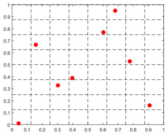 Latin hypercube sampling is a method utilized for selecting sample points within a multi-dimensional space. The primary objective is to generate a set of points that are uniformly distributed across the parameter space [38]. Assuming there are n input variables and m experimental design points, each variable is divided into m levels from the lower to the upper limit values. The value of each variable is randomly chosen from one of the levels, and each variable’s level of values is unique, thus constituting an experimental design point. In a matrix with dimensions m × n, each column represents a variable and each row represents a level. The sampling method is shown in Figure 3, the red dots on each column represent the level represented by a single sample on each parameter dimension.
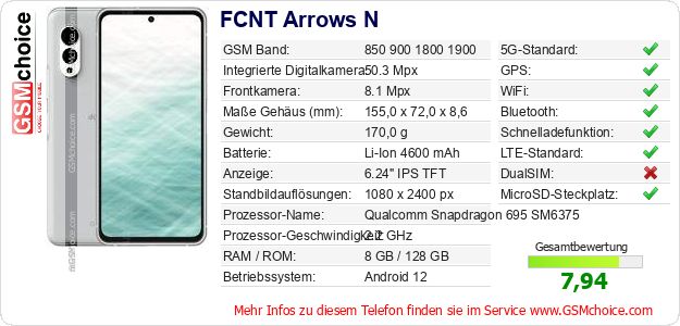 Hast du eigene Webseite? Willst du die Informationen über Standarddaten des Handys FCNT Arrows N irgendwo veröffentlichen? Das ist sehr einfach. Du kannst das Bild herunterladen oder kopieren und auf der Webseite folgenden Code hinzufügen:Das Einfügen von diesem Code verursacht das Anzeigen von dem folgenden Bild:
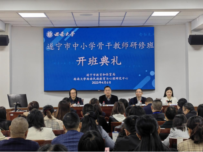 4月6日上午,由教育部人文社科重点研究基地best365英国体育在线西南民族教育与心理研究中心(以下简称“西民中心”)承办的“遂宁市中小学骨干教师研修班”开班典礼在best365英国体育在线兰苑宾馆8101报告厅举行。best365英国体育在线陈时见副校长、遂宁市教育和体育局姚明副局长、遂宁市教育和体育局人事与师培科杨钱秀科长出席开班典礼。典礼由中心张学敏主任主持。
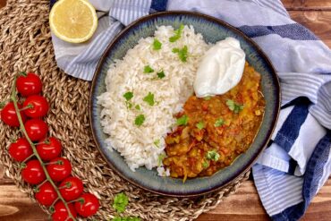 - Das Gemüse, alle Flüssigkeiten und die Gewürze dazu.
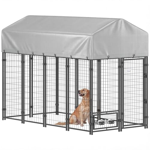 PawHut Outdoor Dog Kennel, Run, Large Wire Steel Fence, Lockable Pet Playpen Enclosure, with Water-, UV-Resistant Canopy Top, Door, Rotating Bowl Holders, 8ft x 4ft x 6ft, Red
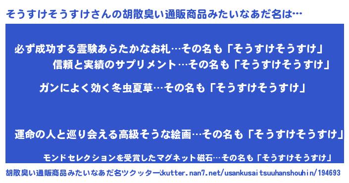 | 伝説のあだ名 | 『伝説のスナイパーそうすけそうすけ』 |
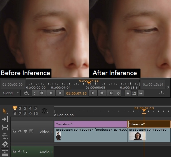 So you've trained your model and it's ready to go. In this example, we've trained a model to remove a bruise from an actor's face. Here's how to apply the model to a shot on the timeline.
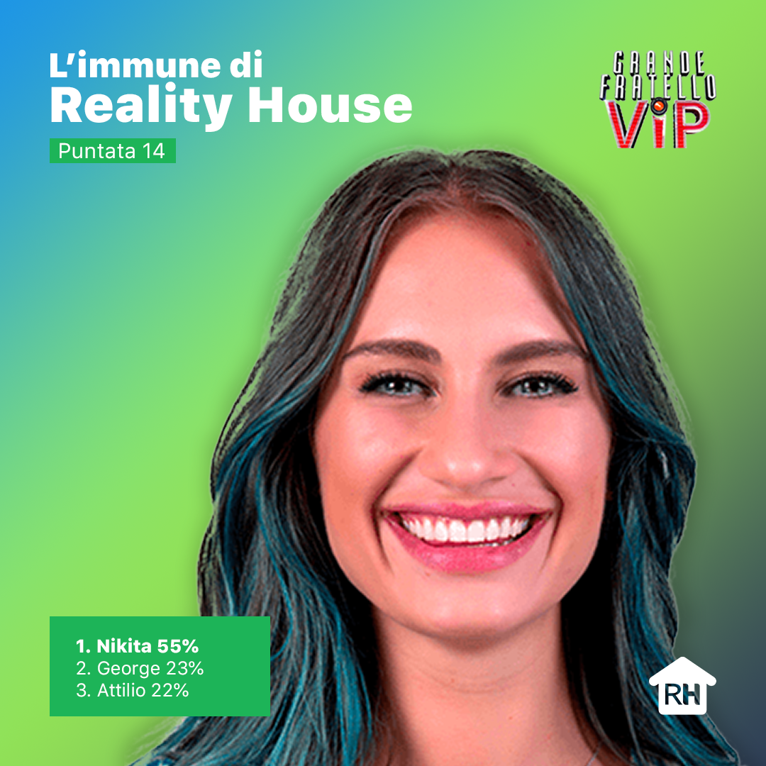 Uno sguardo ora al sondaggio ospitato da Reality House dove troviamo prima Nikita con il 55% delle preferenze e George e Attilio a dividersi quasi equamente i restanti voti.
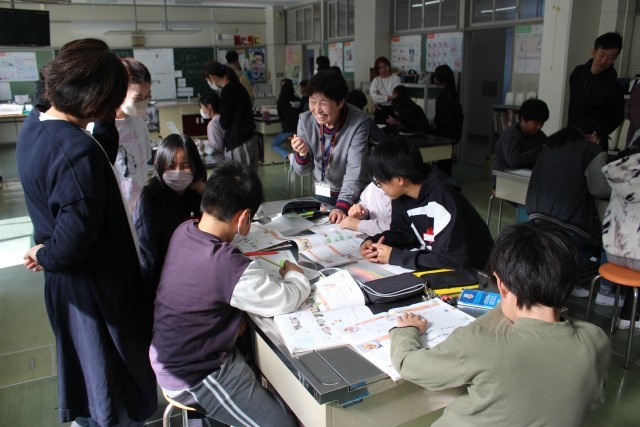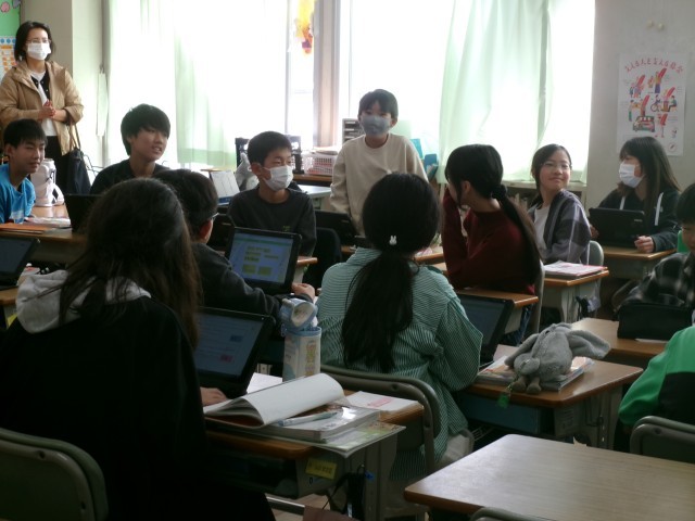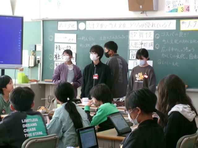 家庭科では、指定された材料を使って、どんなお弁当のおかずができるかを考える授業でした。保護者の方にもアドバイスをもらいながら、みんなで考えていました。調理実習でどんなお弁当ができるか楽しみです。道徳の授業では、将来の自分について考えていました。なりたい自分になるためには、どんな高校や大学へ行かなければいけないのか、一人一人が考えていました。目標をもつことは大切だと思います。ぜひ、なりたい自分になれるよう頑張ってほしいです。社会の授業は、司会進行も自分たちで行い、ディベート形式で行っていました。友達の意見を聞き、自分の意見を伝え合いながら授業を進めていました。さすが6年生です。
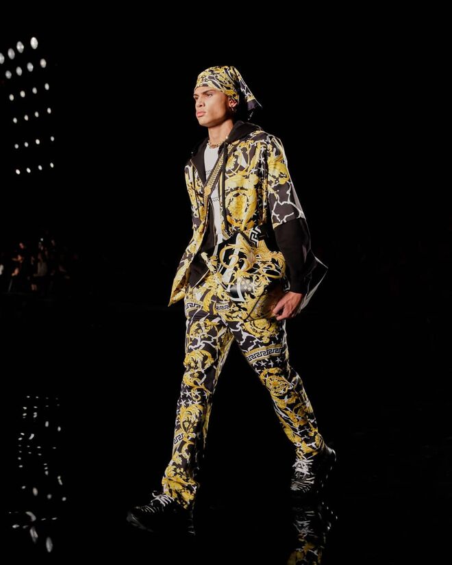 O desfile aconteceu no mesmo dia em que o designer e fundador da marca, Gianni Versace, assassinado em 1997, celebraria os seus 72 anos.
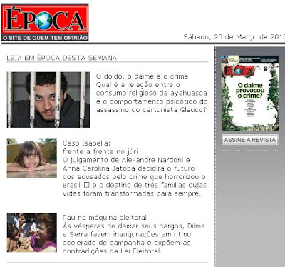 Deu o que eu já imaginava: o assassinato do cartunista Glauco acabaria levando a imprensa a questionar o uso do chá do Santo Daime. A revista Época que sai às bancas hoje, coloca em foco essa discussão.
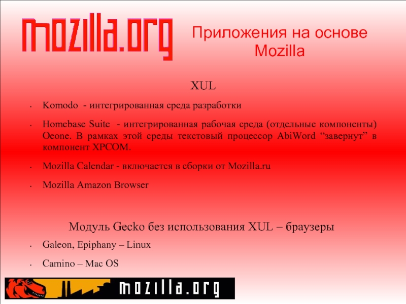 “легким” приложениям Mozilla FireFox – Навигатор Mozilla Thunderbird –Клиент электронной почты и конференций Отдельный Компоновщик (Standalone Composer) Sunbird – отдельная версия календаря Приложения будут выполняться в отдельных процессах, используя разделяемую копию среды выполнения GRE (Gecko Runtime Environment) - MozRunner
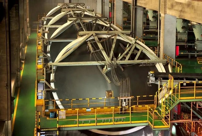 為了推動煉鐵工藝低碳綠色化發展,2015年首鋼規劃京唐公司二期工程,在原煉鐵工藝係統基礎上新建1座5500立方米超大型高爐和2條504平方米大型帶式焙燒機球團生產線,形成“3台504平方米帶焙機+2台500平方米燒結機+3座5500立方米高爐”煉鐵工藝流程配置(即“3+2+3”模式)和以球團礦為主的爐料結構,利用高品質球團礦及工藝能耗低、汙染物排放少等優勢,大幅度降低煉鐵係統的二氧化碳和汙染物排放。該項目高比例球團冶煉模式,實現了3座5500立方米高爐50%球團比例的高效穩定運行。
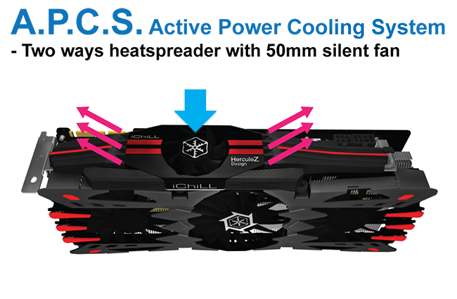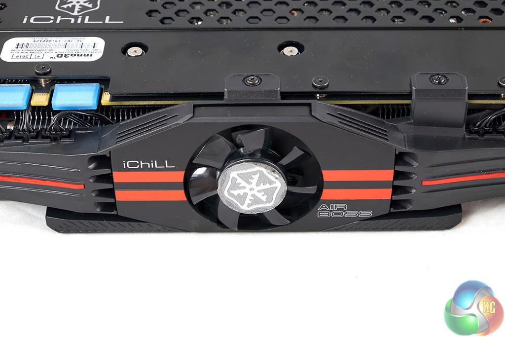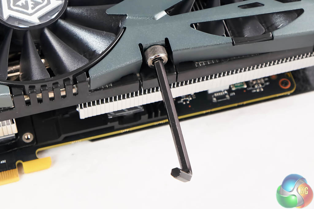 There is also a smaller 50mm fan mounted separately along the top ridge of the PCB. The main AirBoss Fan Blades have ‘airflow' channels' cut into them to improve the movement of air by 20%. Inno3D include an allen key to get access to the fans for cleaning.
**********
Print an exact copy of the lines above, from the one containing "家庭科では、指定された材料を" through the one containing "Environment) - MozRunner", and leave out the pictures.

▶ _RESPONSE AREA_
 家庭科では、指定された材料を使って、どんなお弁当のおかずができるかを考える授業でした。保護者の方にもアドバイスをもらいながら、みんなで考えていました。調理実習でどんなお弁当ができるか楽しみです。道徳の授業では、将来の自分について考えていました。なりたい自分になるためには、どんな高校や大学へ行かなければいけないのか、一人一人が考えていました。目標をもつことは大切だと思います。ぜひ、なりたい自分になれるよう頑張ってほしいです。社会の授業は、司会進行も自分たちで行い、ディベート形式で行っていました。友達の意見を聞き、自分の意見を伝え合いながら授業を進めていました。さすが6年生です。
 O desfile aconteceu no mesmo dia em que o designer e fundador da marca, Gianni Versace, assassinado em 1997, celebraria os seus 72 anos.
 Deu o que eu já imaginava: o assassinato do cartunista Glauco acabaria levando a imprensa a questionar o uso do chá do Santo Daime. A revista Época que sai às bancas hoje, coloca em foco essa discussão.
 “легким” приложениям Mozilla FireFox – Навигатор Mozilla Thunderbird –Клиент электронной почты и конференций Отдельный Компоновщик (Standalone Composer) Sunbird – отдельная версия календаря Приложения будут выполняться в отдельных процессах, используя разделяемую копию среды выполнения GRE (Gecko Runtime Environment) - MozRunner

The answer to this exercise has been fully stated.